- **Data under study**:
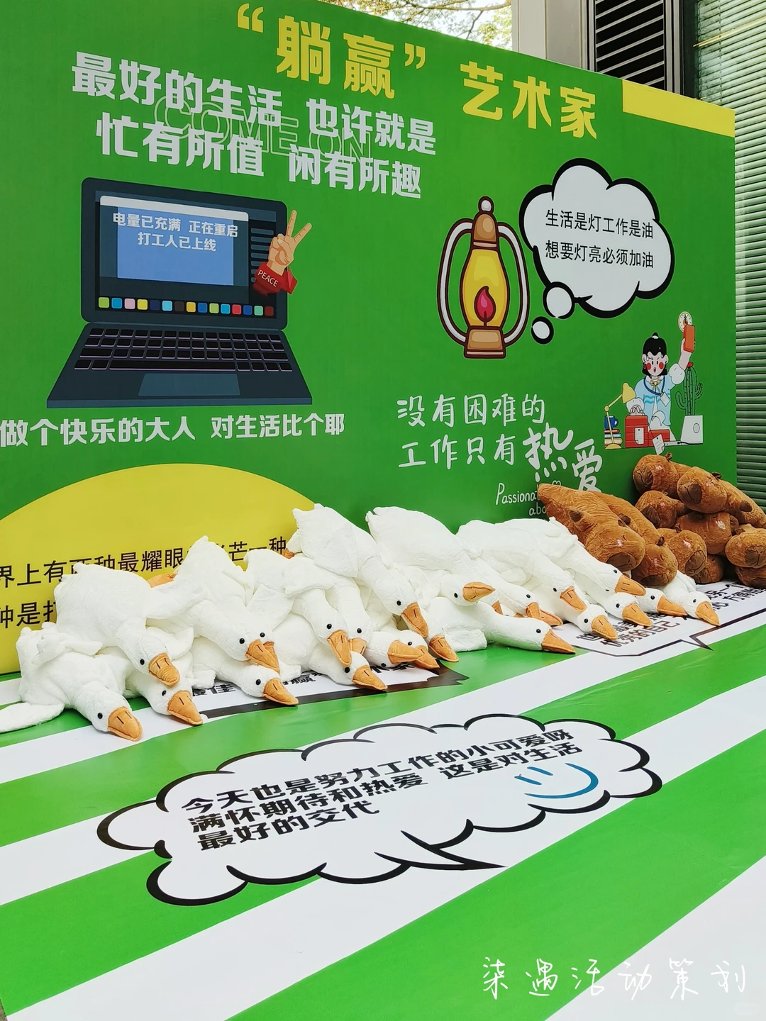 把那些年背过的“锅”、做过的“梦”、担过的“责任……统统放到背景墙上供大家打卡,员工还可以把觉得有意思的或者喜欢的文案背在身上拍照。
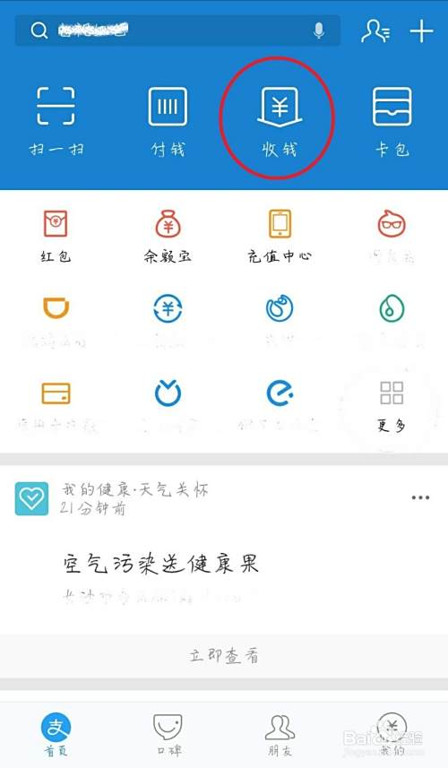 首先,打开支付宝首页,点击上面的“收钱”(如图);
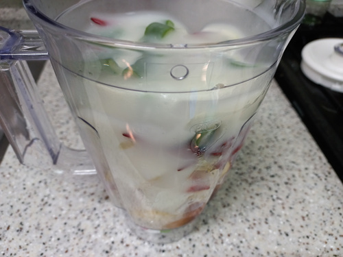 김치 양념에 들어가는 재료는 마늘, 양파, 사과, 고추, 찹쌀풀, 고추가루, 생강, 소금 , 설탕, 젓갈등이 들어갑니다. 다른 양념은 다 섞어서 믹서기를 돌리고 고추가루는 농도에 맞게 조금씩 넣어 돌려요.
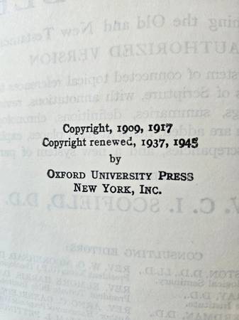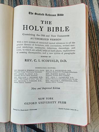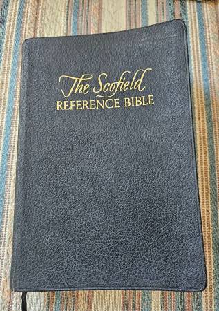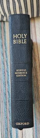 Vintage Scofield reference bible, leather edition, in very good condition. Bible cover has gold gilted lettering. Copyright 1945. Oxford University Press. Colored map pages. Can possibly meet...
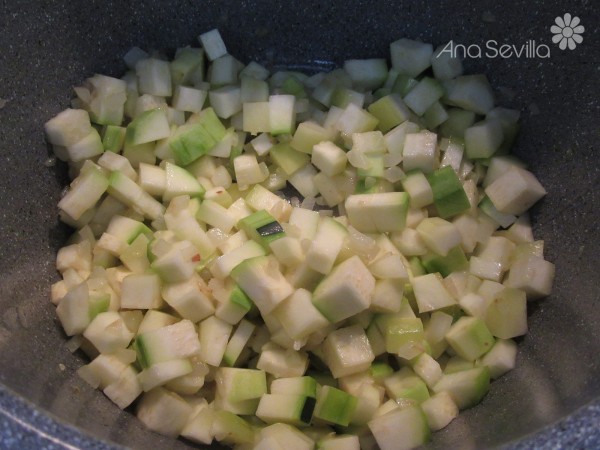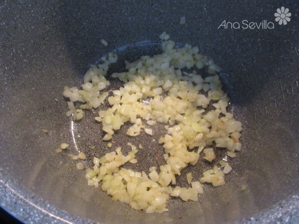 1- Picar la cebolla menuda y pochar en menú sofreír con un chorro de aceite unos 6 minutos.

- **Task details**: The whole listing above, line by line, needs to be copied exactly, except for any images.

- **Response to the task**:
 把那些年背过的“锅”、做过的“梦”、担过的“责任……统统放到背景墙上供大家打卡,员工还可以把觉得有意思的或者喜欢的文案背在身上拍照。
 首先,打开支付宝首页,点击上面的“收钱”(如图);
 김치 양념에 들어가는 재료는 마늘, 양파, 사과, 고추, 찹쌀풀, 고추가루, 생강, 소금 , 설탕, 젓갈등이 들어갑니다. 다른 양념은 다 섞어서 믹서기를 돌리고 고추가루는 농도에 맞게 조금씩 넣어 돌려요.
 Vintage Scofield reference bible, leather edition, in very good condition. Bible cover has gold gilted lettering. Copyright 1945. Oxford University Press. Colored map pages. Can possibly meet...
 1- Picar la cebolla menuda y pochar en menú sofreír con un chorro de aceite unos 6 minutos.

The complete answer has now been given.